A shuffling machine is a machine for randomly shuffling packs of playing cards.

Because standard shuffling techniques are seen as weak, and in order to avoid "inside jobs" where employees collaborate with gamblers by performing inadequate shuffles, many casinos employ automatic shuffling machines to shuffle the cards before dealing. These machines are also used to reduce repetitive motion stress injuries to a dealer.

Shuffling machines have to be carefully designed, as they can generate biased shuffles otherwise: the most recent shuffling machines are computer-controlled. The randomness or otherwise of cards produced from automatic shuffling machines is the subject of considerable interest to both gamblers and casinos.

Shuffling machines come in two main varieties: continuous shuffling machines (CSMs), which shuffle one or more packs continuously, and batch shufflers or automatic shuffling machines (ASMs), which shuffle an entire single pack in a single operation. Batch shufflers are more expensive, but can avoid the problems associated with some continuous shufflers, whereby the shuffling operation only slowly changes the state of the deck, and new cards may be taken before shuffling has sufficiently randomized the pack, allowing some players to "shuffle track" cards through the shuffling process.

A widely reported, but unpublished, study by Persi Diaconis and Susan Holmes in 2000 resulted in the redesign of many shuffling machines. SIAM News later published a reasonably detailed discussion of its results.

== Early mechanical card shufflers ==
Patents regarding card shuffling devices started to appear in the United States around the end of the 19th century. It is unclear whether these devices were converted to commercial products or were discarded. These machines were often complex with many mechanical parts to achieve card retrieval, shuffling and distribution with pseudo-randomness.

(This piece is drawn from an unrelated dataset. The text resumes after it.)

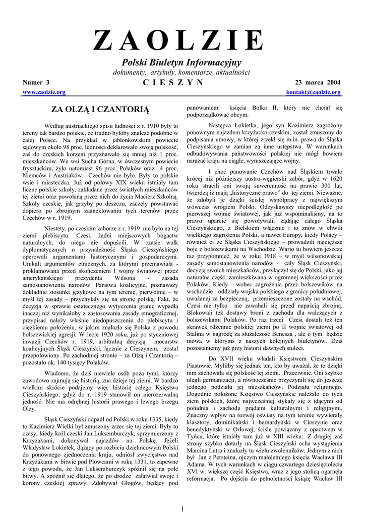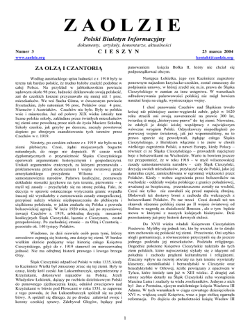 ZAOLZIE Polski Biuletyn Informacyjny dokumenty, artykuły, komentarze, aktualności C I E S Z Y N Numer 3 www.zaolzie.org 23 marca 2004 [email protected] ZA OLZĄ I CZANTORIĄ panowaniem księcia Bolka II, który nie chciał się podporządkować obcym. Według austriackiego spisu ludności z r. 1910 były to tereny tak bardzo polskie, że trudno byłoby znaleźć podobne w całej Polsce. Na przykład w jabłonkowskim powiecie sądowym około 98 proc. ludności deklarowało swoją polskość, zaś do czeskich korzeni przyznawało się mniej niż 1 proc. mieszkańców. We wsi Sucha Górna, w ówczesnym powiecie frysztackim, żyło natomiast 96 proc. Polaków oraz 4 proc. Niemców i Austriaków. Czechów nie było. Były to polskie wsie i miasteczka. Już od połowy XIX wieku istniały tam liczne polskie szkoły, zakładane przez światłych mieszkańców tej ziemi oraz powołaną przez nich do życia Macierz Szkolną. Szkoły czeskie, jak grzyby po deszczu, zaczęły powstawać dopiero po zbrojnym zaanektowaniu tych terenów przez Czechów w r. 1919. Następca Łokietka, jego syn Kazimierz zagrożony ponownym najazdem krzyżacko-czeskim, został zmuszony do podpisania umowy, w której zrzekł się m.in. prawa do Śląska Cieszyńskiego w zamian za inne ustępstwa. W warunkach odbudowywania państwowości polskiej nie mógł bowiem narażać kraju na ciągłe, wyniszczające wojny. I choć panowanie Czechów nad Śląskiem trwało krócej niż późniejszy austro-węgierski zabór, gdyż w 1620 roku stracili oni swoją suwerenność na prawie 300 lat, twierdzą iż mają „historyczne prawo” do tej ziemi. Nieważne, że zdobyli je dzięki ścisłej współpracy z największym wówczas wrogiem Polski. Odzyskawszy niepodległość po pierwszej wojnie światowej, jak już wspominaliśmy, na to prawo uparcie się powoływali, żądając całego Śląska Cieszyńskiego, z Bielskiem włącznie i to znów w chwili wielkiego zagrożenia Polski, a nawet Europy, kiedy Polacy – również ci ze Śląska Cieszyńskiego – prowadzili najcięższe boje z bolszewikami na Wschodzie. Warto tu bowiem jeszcze raz przypomnieć, że w roku 1918 – w myśl wilsonowskiej zasady samostanowienia narodów - cały Śląsk Cieszyński, decyzją swoich mieszkańców, przyłączył się do Polski, jako jej naturalna część, zamieszkiwana w ogromnej większości przez Polaków. Kiedy - wobec zagrożenia przez bolszewików na wschodzie - oddziały wojska polskiego z granicy południowej, uważanej za bezpieczną, przemieszczone zostały na wschód, Czesi nie tylko nie zawahali się przed napaścią zbrojną. Blokowali też dostawy broni z zachodu dla walczących z bolszewikami Polaków. Po raz trzeci Czesi dostali też ten skrawek rdzennie polskiej ziemi po II wojnie światowej od Stalina w nagrodę za służalczość Benesza , ale o tym będzie mowa w którymś z naszych kolejnych biuletynów. Dziś pozostaniemy już przy historii dawnych stuleci. Niestety, po czeskim zaborze z r. 1919 nie było na tej ziemi plebiscytu. Czesi, żądni miejscowych bogactw naturalnych, do niego nie dopuścili. W czasie walk dyplomatycznych o przynależność Śląska Cieszyńskiego operowali argumentami historycznymi i gospodarczymi. Unikali argumentów etnicznych, za którymi przemawiała proklamowana przed skończeniem I wojny światowej przez amerykańskiego prezydenta Wilsona zasada samostanowienia narodów. Państwa koalicyjne, poznawszy dokładnie stosunki językowe na tym terenie, pierwotnie – w myśl tej zasady – przychylały się na stronę polską. Fakt, że decyzja w sprawie ostatecznego wytyczenia granic wypadła inaczej niż wynikałoby z zastosowania zasady etnograficznej, przypisać należy właśnie niedopuszczeniu do plebiscytu i ciężkiemu położeniu, w jakim znalazła się Polska z powodu bolszewickiej agresji. W lecie 1920 roku, już po styczniowej inwazji Czechów r. 1919, arbitralną decyzją mocarstw koalicyjnych Śląsk Cieszyński, łącznie z Cieszynem, został przepołowiony. Po zachodniej stronie – za Olzą i Czantorią – pozostało ok. 140 tysięcy Polaków. Do XVII wieku władali Księstwem Cieszyńskim Piastowie. Myliłby się jednak ten, kto by uważał, że to dzięki nim zachowała się polskość tej ziemi. Przeciwnie. Oni szybko ulegli germanizacji, a równocześnie przyczynili się do jeszcze jednego podziału jej mieszkańców. Podziału religijnego. Dogodnie położone Księstwo Cieszyńskie należało do tych ziem polskich, które najwcześniej stykały się z idącymi od południa i zachodu prądami kulturalnymi i religijnymi. Znaczny wpływ na rozwój oświaty na tym terenie wywierały klasztory, dominikański i bernardyński w Cieszynie oraz benedyktyński w Orłowej, ściśle powiązany z opactwem w Tyńcu, które istniały tam już w XIII wieku:. Z drugiej zaś strony szybko dotarły na Śląsk Cieszyński echa wystąpienia Marcina Lutra i znalazły tu wielu zwolenników. Jednym z nich był Jan z Persteina, ojczym małoletniego księcia Wacława III Adama. W tych warunkach w ciągu czwartego dziesięciolecia XVI w. większą część Księstwa, wraz z jego stolicą ogarnęła reformacja. Po dojściu do pełnoletności książę Wacław III Wiadomo, że dziś niewiele osób poza tymi, którzy zawodowo zajmują się historią, zna dzieje tej ziemi. W bardzo wielkim skrócie podajemy więc historię całego Księstwa Cieszyńskiego, gdyż do r. 1919 stanowił on nierozerwalną jedność. Nie ma odrębnej historii prawego i lewego brzegu Olzy. Śląsk Cieszyński odpadł od Polski w roku 1335, kiedy to Kazimierz Wielki był zmuszony zrzec się tej ziemi. Były to czasy, kiedy król czeski Jan Luksemburczyk, sprzymierzony z Krzyżakami, dokonywał najazdów na Polskę. Jeżeli Władysław Łokietek, dążący po rozbiciu dzielnicowym Polski do ponownego zjednoczenia kraju, odniósł zwycięstwo nad Krzyżakami w bitwie pod Płowcami w roku 1331, to zapewne z tego powodu, że Jan Lu

In 1878, Henry Ash proposed an apparatus to shuffle cards. His device was a box with an open top where the operator would place the deck. The operator would then slightly shake the box to make the cards fall through a comb at the bottom of the box. About half of the cards would fall into the lower compartment while the rest were still in the upper compartment. The operator would take these upper cards, pack them together and do the same with the lower cards. The two packs would be placed upon each other to form a new deck and the operation could be repeated for better shuffling.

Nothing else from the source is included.